Пеппер покачал головой.

— Совсем недавно стало ясно, что дно всех этих каналов буквально устлано костями.

Значит, все это время мы плывем прямо по кладбищу? Зеленые берега вдруг перестали выглядеть таким уж райским уголком.

Помолчав, я посоветовал Пепперу:

— Обязательно упомяни об этом в своем фильме.

— Так и сделаю.

В задумчивости я отхлебнул еще пива; позволил этому открытию набрать вес в моем сознании — и тут Пита бросила в воду окурок. Она весело щебетала с Елизаветой: рассказывала, как в юности они с Хесусом, бывало, устраивали вечеринки на этих самых каналах. Скидывались с друзьями, арендовали гондолу побольше и превращали ее в плывучий ночной клуб — с музыкой, танцами и выпивкой. В народе таких, как Пита (и Хесус, само собой), прозвали «золотой молодежью», имея в виду отпрысков мексиканской правящей элиты, чьё состояние уступало разве что жажде славы. Причем Пита и Хесус были не так уж плохи: они действительно вкалывали (скажем, Пита работала в пиар-отделе семейной пивоварни), но я терпеть не мог кое-кого из их дружков. Тех типов, знаете ли, которые хвастают четырьмя сотнями пар обуви или двумя сотнями костюмов — и держат их от чужих глаз подальше, в каких-то фешенебельных домах за бугром. Я задумался, не стоит ли подтолкнуть Пите бутылку с пивом и посоветовать выкидывать окурки туда, но это могло показаться враждебным жестом — учитывая тем более, что мы пока не успели заключить перемирие. Она сразу возомнила бы, будто мне не терпится устроить очередную сцену, и продолжила бы швырять окурки в воду, выказывая свое недовольство. В последнее время ей неплохо удается раздувать из мухи слона.

Я поерзал на узковатом стуле, устраиваясь поудобнее. Головная боль вернулась с новой силой. Может, это было предвестье очередного приступа мигрени, или меня все-таки достала жара, или сказалось выпитое пиво, но подобный стрекоту саранчи треск разбушевался в моей лобной доле. Прямо под вертикальной ссадиной, Которая, по всей вероятности, потребует наложения швов. Осторожно двигая пальцами, я занялся массажем кожи вокруг пластыря.

— Гляди-ка, Зед! — сказал Пеппер. Он показывал в просвет между деревьями у берега, где возвышалась ацтекская пирамида футов двадцати высотой. Она выглядела как театральный реквизит, выкрашенная в яркие оттенки фиолетового, розового и зеленого.

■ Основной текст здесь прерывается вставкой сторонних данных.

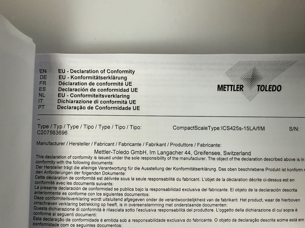| Manufacturer | Mettler Toledo |
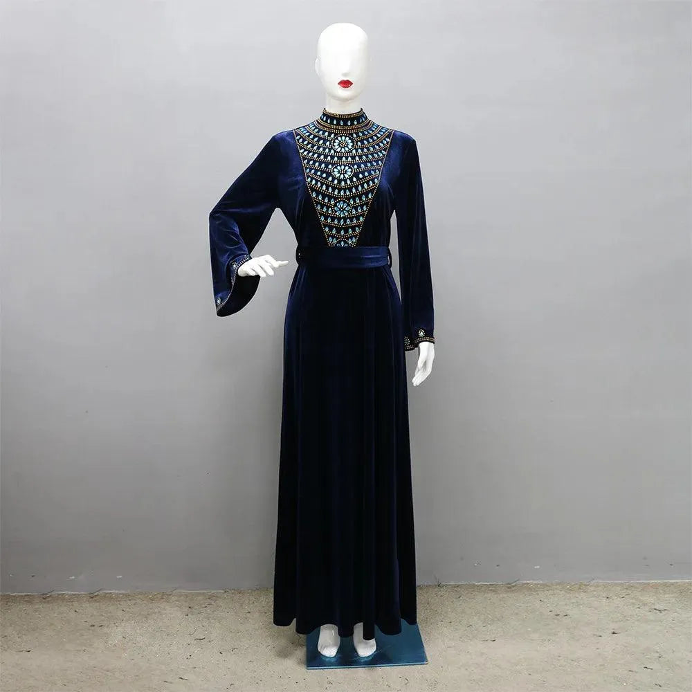 Autumn Velvet Warm Fashion Muslim Women Diamond Abaya Long Maxi Dresses Dubai Kaftan Turkey Arab Islamic Eid Party Gown Jalabiya Blue

— Это декорация для телешоу, которое здесь снимают вот уже с десяток лет, — пояснил он.

— Что за шоу? — переспросил я.

— Называется «Ла Йорона». Основано на одноименной и распространенной в Мексике легенде. Вкратце: прекрасная женщина топит своих детей, отомстив мужу, который изменил ей с юной красоткой…

— В аду нет гнева…[8]

— Не то слово, Зед, — вздохнул Пеппер. — В любом случае эта женщина так терзается содеянным, что в итоге кончает с собой. Но у райских ворот ее ждет разочарование. Ей не позволено войти, пока она не приведет своих детей. В итоге она попадает в ловушку: застряв между этим миром и вышним, она навечно приговорена искать убитых.

— Отсюда вывод: не стоит убивать своих детей, чтобы напакостить кому-то другомую — Я махнул рукой, пытаясь поймать кружившую вокруг головы муху, промазал и спросил: — Отчего же ее прозвали Ла Макарена?

— Ла Йорона, Зед… На испанском это означает «плакальщица».

Я поморщился.

— Каким боком легенда относится к Острову Кукол? Ты что-то говорил о жившем там отшельнике, доне Хуане…

— Его звали дон Хавьер Солано.

— Это он наткнулся в канале на тело утонувшей девчонки?

Пеппер кивнул.

— Местные жители определенно верят, что связь имеется. Потому что считается, что теми ночами, когда чинампас затягивает туман, Ла Иорона бродит по округе, похищая чужих детей, похожих на ее собственных, и топит их в надежде, что сможет потом отвести на небеса вместо своих.

— Ну не знаю. Вряд ли Бога можно обвести вокруг пальца. Он всеведущ и так далее…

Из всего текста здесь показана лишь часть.